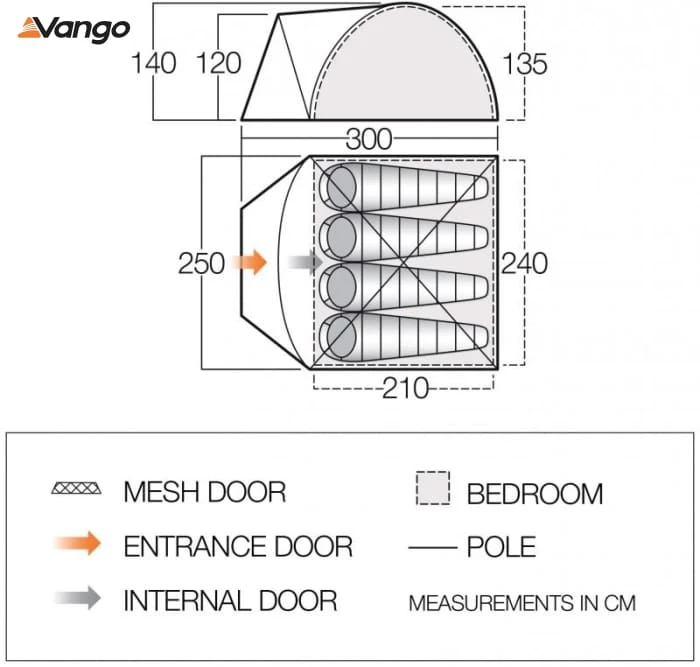 - Protex® 70 Denier Polyester Flysheet, 3000mm HH – Highly waterproof, durable and reliable fabric, exclusive to Vango
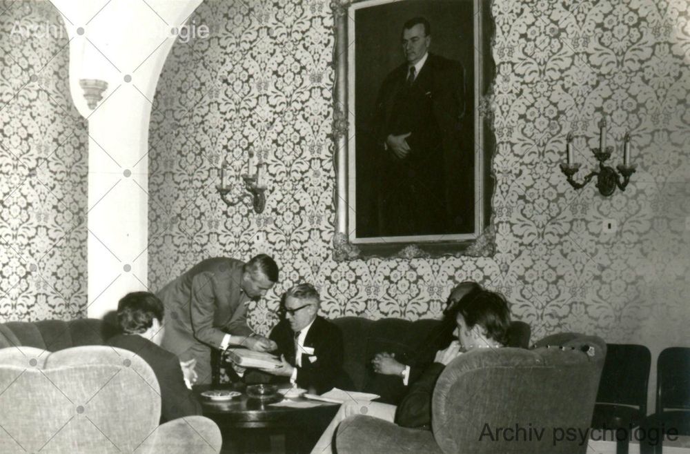 1973, Smolenice, III. stretnutie psychológov podunajských krajín - Michal Stríženec se sklání nad prezidentem IUPsyS, prof. Josephem Nuttinem, pod obrazem komunistického prezidenta
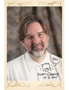 Beautiful color photograph (8x10.5”) signed in black ink by Matt Groening, creator of The Simpsons.
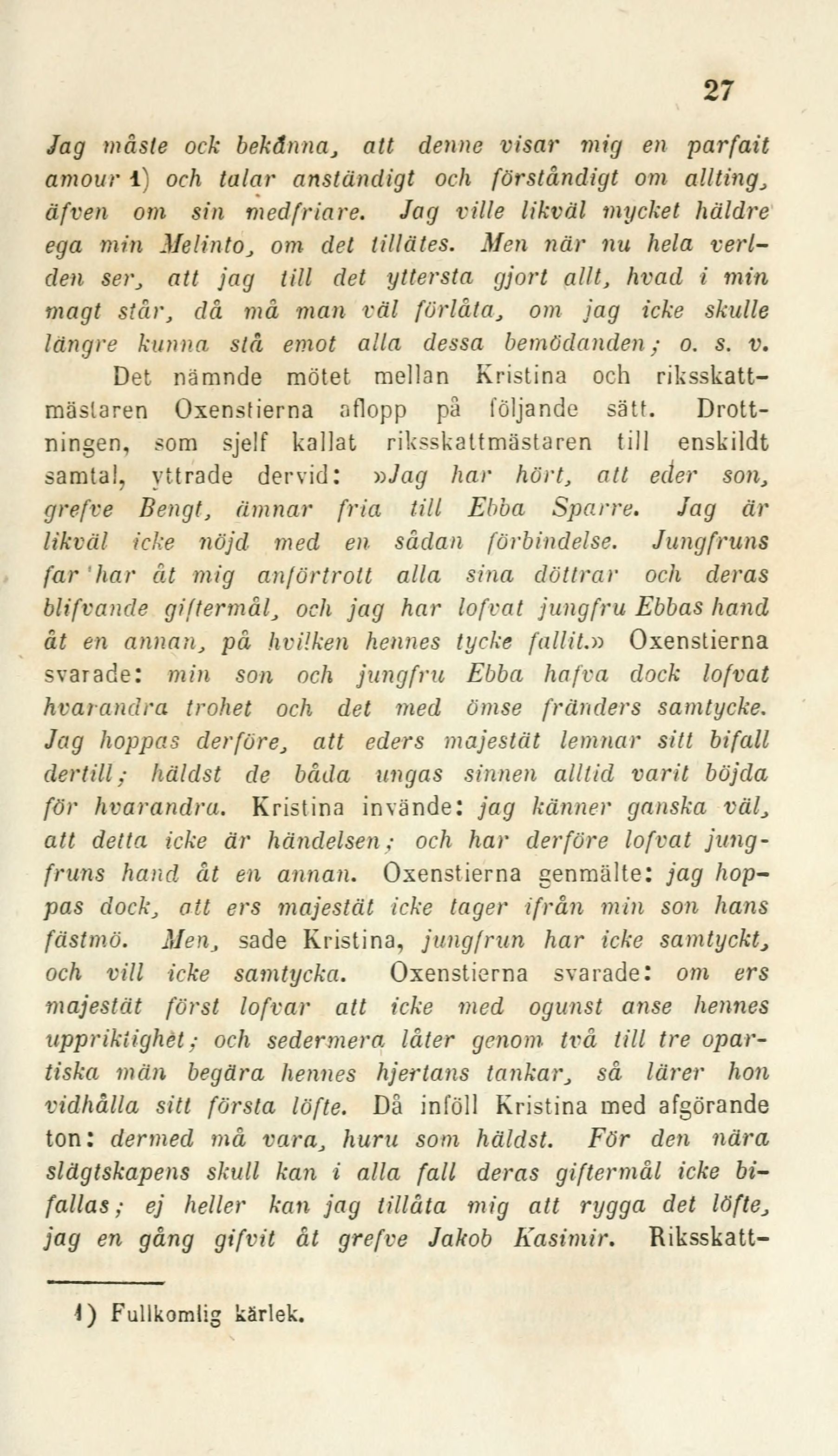 åt en annan, på hvilken hennes tycke fallit.» Oxenstierna
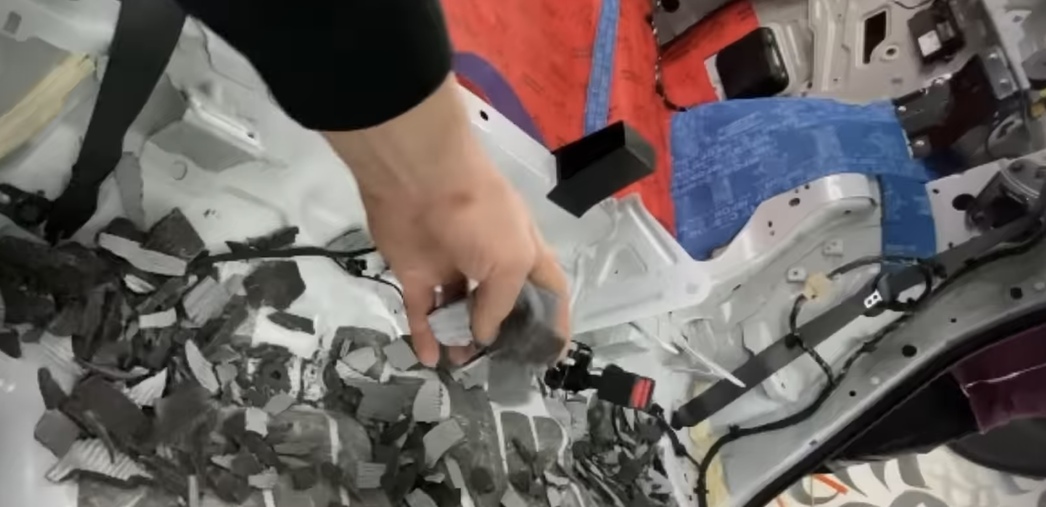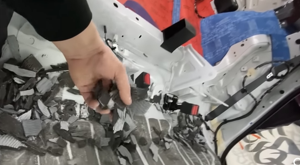 Воистину, зрелище не для слабонервных: китайская «шумка» просто раскрошилась, превратившись в россыпь мелких и твердых элементов, которые и бренчали. Не просто отклеилась или потрескалась, а именно отвалилась и раскрошилась, что говорит о неподходящем качестве самого материала для российских погодных условий.
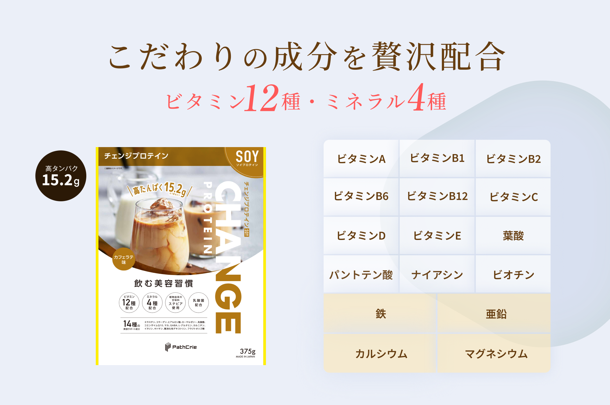 『チェンジプロテイン』にはビタミンAやビタミンB群、ビタミンCなどをはじめとするビタミン12種に加え、カルシウムやマグネシウム、亜鉛、鉄などのミネラル4種も配合されています。
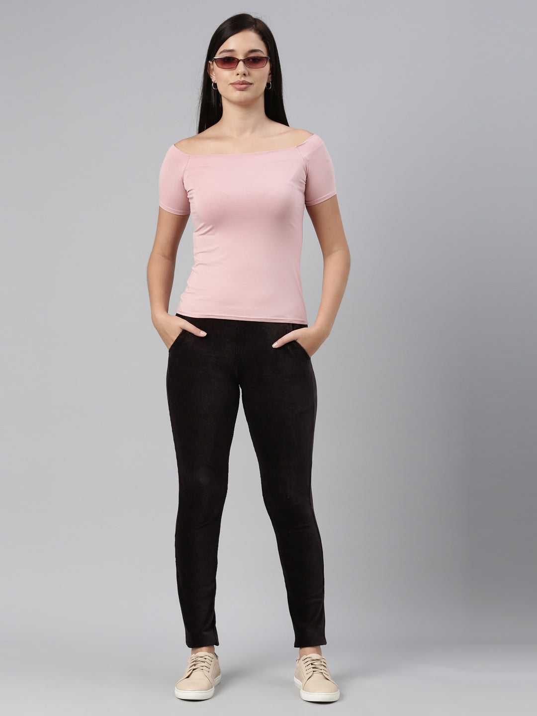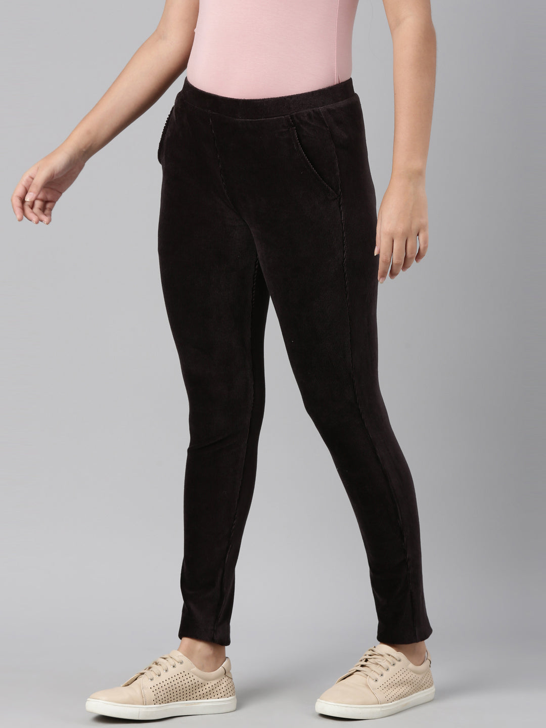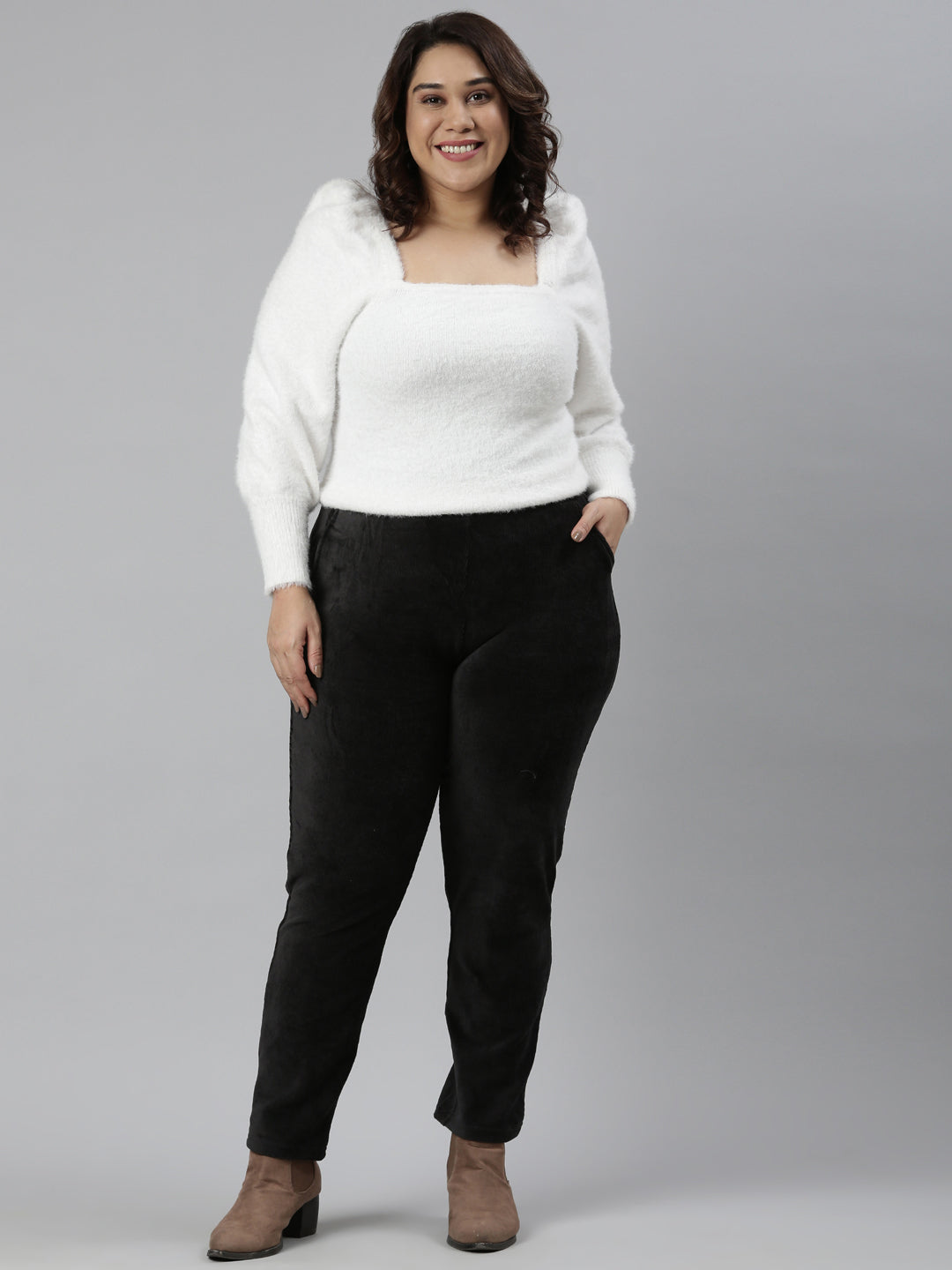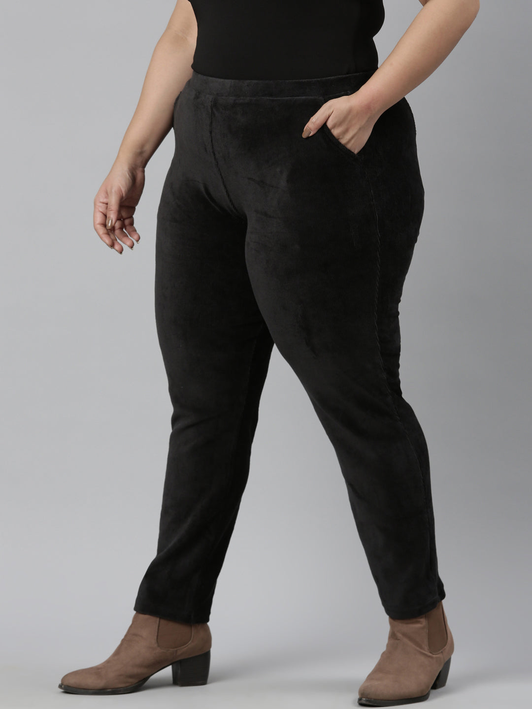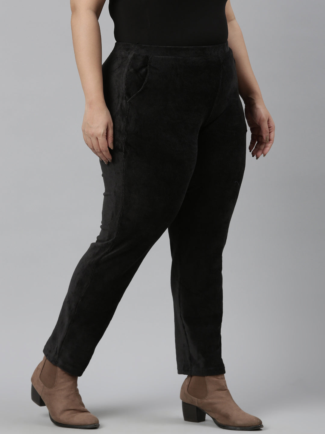 Bundle up in freezing temparatures in the Solid Black Corduroy Jeggings. Made from cotton, polyester & PU, the slip on trousers have a elasticised waistband, slant pockets & a tapered fit.
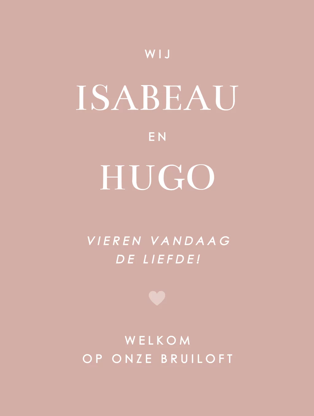 Ontwerp een mooi bord voor je bruiloft om je gasten welkom te heten! Dit is een weerbestendig welkomsbord in het formaat 73x55 cm gemaakt op het materiaal forex van 5 mm dik. Foliedruk is niet mogelijk op het bord. Bevestig het bruiloft bord op een houten paal naar keuze (of bijv. Een schildersezel). Let op: bevestigingsmateriaal wordt niet meegeleverd.
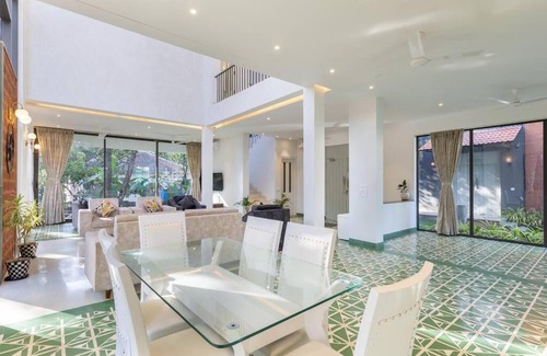 3BHK Villa with Private Pool near Anjuna is located in Old Goa, just 4.7 miles from Chapora Fort and 7.4 miles from Thivim Railway Station. This property offers access to a balcony, free private parking, and free Wifi. The villa is also equipped with a garden, an outdoor swimming pool, and a terrace where guests can chill out. The spacious villa is composed of 3 bedrooms, a living room, a fully equipped kitchen, and 4 bathrooms. Towels and bed linen are featured in the villa. For added privacy, the accommodation features a private entrance. The villa offers an à la carte or vegetarian breakfast. Basilica of Bom Jesus is 14 miles from 3BHK Villa with Private Pool near Anjuna, while Church of Saint Cajetan is 15 miles away. Manohar Parrikar International Airport is 12 miles from the property.
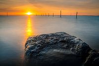 Deze foto een ondergaande zon is gemaakt aan de buitenkant van de IJsselmeer dijken in de Noordoostpolder. Ten hoogte van Lemmer heb je een prachtig eindeloos uitzicht en staan vele visnetten en fuiken opgesteld langs de randen van de dijk. In de voorgrond bassalt stenen die vervreemdend lijken door het gebruik van een lange…
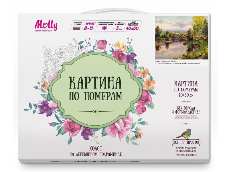 Используя кисти и краски, на холсте можно нарисовать картину русского художника Игоря Прищепы "Вечер". На картине запечатлен теплый, осенний вечер. У берега причалила лодка, где-то вдали, на поляне пасутся лошади, на заднем плане виднеется мост через реку и золотые купола церкви. Для такого творчества не требуются специальные художественные навыки. Нужно лишь следовать инструкции и время от времени сверяться с цветовой схемой рисунка.
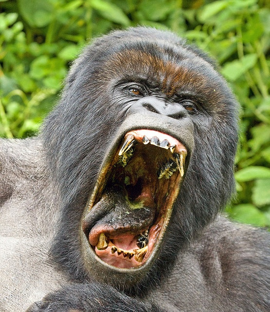 К счастью для своих соседей, гориллы вегетарианцы. Но для защиты своей группы пускают в ход не только лапы, но и мощнейшие челюсти, способные перекусить практически что угодно.
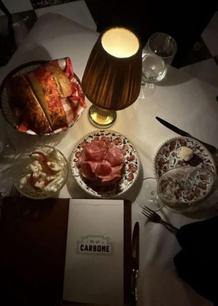 Στο Mayfair, το Carbone καλωσορίζει τους πελάτες με μπολ γεμάτα αλλαντικά και crudités (ορεκτικά από ωμά λαχανικά που σερβίρονται με σάλτσες όπως χούμους ή βινεγκρέτ).
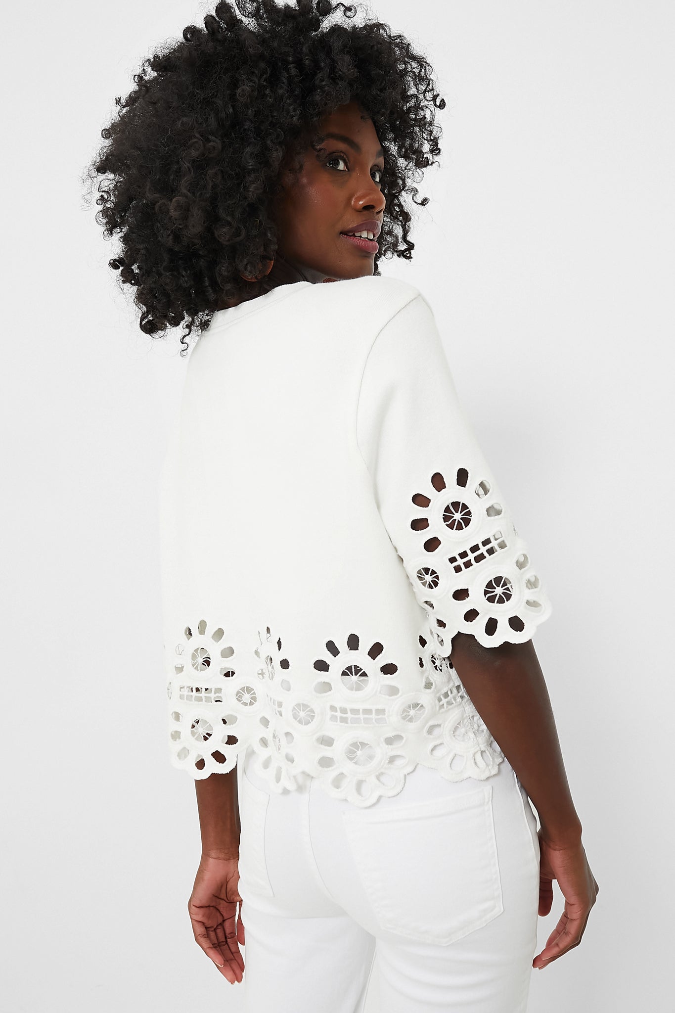 An easy silhouette with elevated details. the White Elysse Embroidery Short Sleeve Top is a perfect warm-weather staple. This shirt features oversized eyelet detailing on the sleeves and hem. and is designed for an easy. relaxed fit for a day of style and comfort. Pair with denim shorts and sneakers or dress up with a maxi skirt and sandals- this unique stunner can be styled hundreds of ways!
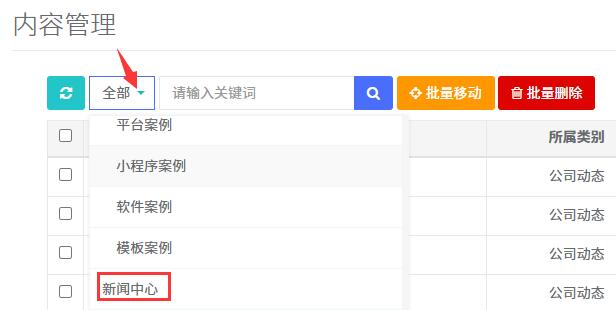 1.进入后台,点击左侧菜单栏中的【内容系统】,在下级菜单点击【内容管理】
***
Write the entries above out in full, exactly, with no images.

 - Protex® 70 Denier Polyester Flysheet, 3000mm HH – Highly waterproof, durable and reliable fabric, exclusive to Vango
 1973, Smolenice, III. stretnutie psychológov podunajských krajín - Michal Stríženec se sklání nad prezidentem IUPsyS, prof. Josephem Nuttinem, pod obrazem komunistického prezidenta
 Beautiful color photograph (8x10.5”) signed in black ink by Matt Groening, creator of The Simpsons.
 åt en annan, på hvilken hennes tycke fallit.» Oxenstierna
 Воистину, зрелище не для слабонервных: китайская «шумка» просто раскрошилась, превратившись в россыпь мелких и твердых элементов, которые и бренчали. Не просто отклеилась или потрескалась, а именно отвалилась и раскрошилась, что говорит о неподходящем качестве самого материала для российских погодных условий.
 『チェンジプロテイン』にはビタミンAやビタミンB群、ビタミンCなどをはじめとするビタミン12種に加え、カルシウムやマグネシウム、亜鉛、鉄などのミネラル4種も配合されています。
 Bundle up in freezing temparatures in the Solid Black Corduroy Jeggings. Made from cotton, polyester & PU, the slip on trousers have a elasticised waistband, slant pockets & a tapered fit.
 Ontwerp een mooi bord voor je bruiloft om je gasten welkom te heten! Dit is een weerbestendig welkomsbord in het formaat 73x55 cm gemaakt op het materiaal forex van 5 mm dik. Foliedruk is niet mogelijk op het bord. Bevestig het bruiloft bord op een houten paal naar keuze (of bijv. Een schildersezel). Let op: bevestigingsmateriaal wordt niet meegeleverd.
 3BHK Villa with Private Pool near Anjuna is located in Old Goa, just 4.7 miles from Chapora Fort and 7.4 miles from Thivim Railway Station. This property offers access to a balcony, free private parking, and free Wifi. The villa is also equipped with a garden, an outdoor swimming pool, and a terrace where guests can chill out. The spacious villa is composed of 3 bedrooms, a living room, a fully equipped kitchen, and 4 bathrooms. Towels and bed linen are featured in the villa. For added privacy, the accommodation features a private entrance. The villa offers an à la carte or vegetarian breakfast. Basilica of Bom Jesus is 14 miles from 3BHK Villa with Private Pool near Anjuna, while Church of Saint Cajetan is 15 miles away. Manohar Parrikar International Airport is 12 miles from the property.
 Deze foto een ondergaande zon is gemaakt aan de buitenkant van de IJsselmeer dijken in de Noordoostpolder. Ten hoogte van Lemmer heb je een prachtig eindeloos uitzicht en staan vele visnetten en fuiken opgesteld langs de randen van de dijk. In de voorgrond bassalt stenen die vervreemdend lijken door het gebruik van een lange…
 Используя кисти и краски, на холсте можно нарисовать картину русского художника Игоря Прищепы "Вечер". На картине запечатлен теплый, осенний вечер. У берега причалила лодка, где-то вдали, на поляне пасутся лошади, на заднем плане виднеется мост через реку и золотые купола церкви. Для такого творчества не требуются специальные художественные навыки. Нужно лишь следовать инструкции и время от времени сверяться с цветовой схемой рисунка.
 К счастью для своих соседей, гориллы вегетарианцы. Но для защиты своей группы пускают в ход не только лапы, но и мощнейшие челюсти, способные перекусить практически что угодно.
 Στο Mayfair, το Carbone καλωσορίζει τους πελάτες με μπολ γεμάτα αλλαντικά και crudités (ορεκτικά από ωμά λαχανικά που σερβίρονται με σάλτσες όπως χούμους ή βινεγκρέτ).
 An easy silhouette with elevated details. the White Elysse Embroidery Short Sleeve Top is a perfect warm-weather staple. This shirt features oversized eyelet detailing on the sleeves and hem. and is designed for an easy. relaxed fit for a day of style and comfort. Pair with denim shorts and sneakers or dress up with a maxi skirt and sandals- this unique stunner can be styled hundreds of ways!
 1.进入后台,点击左侧菜单栏中的【内容系统】,在下级菜单点击【内容管理】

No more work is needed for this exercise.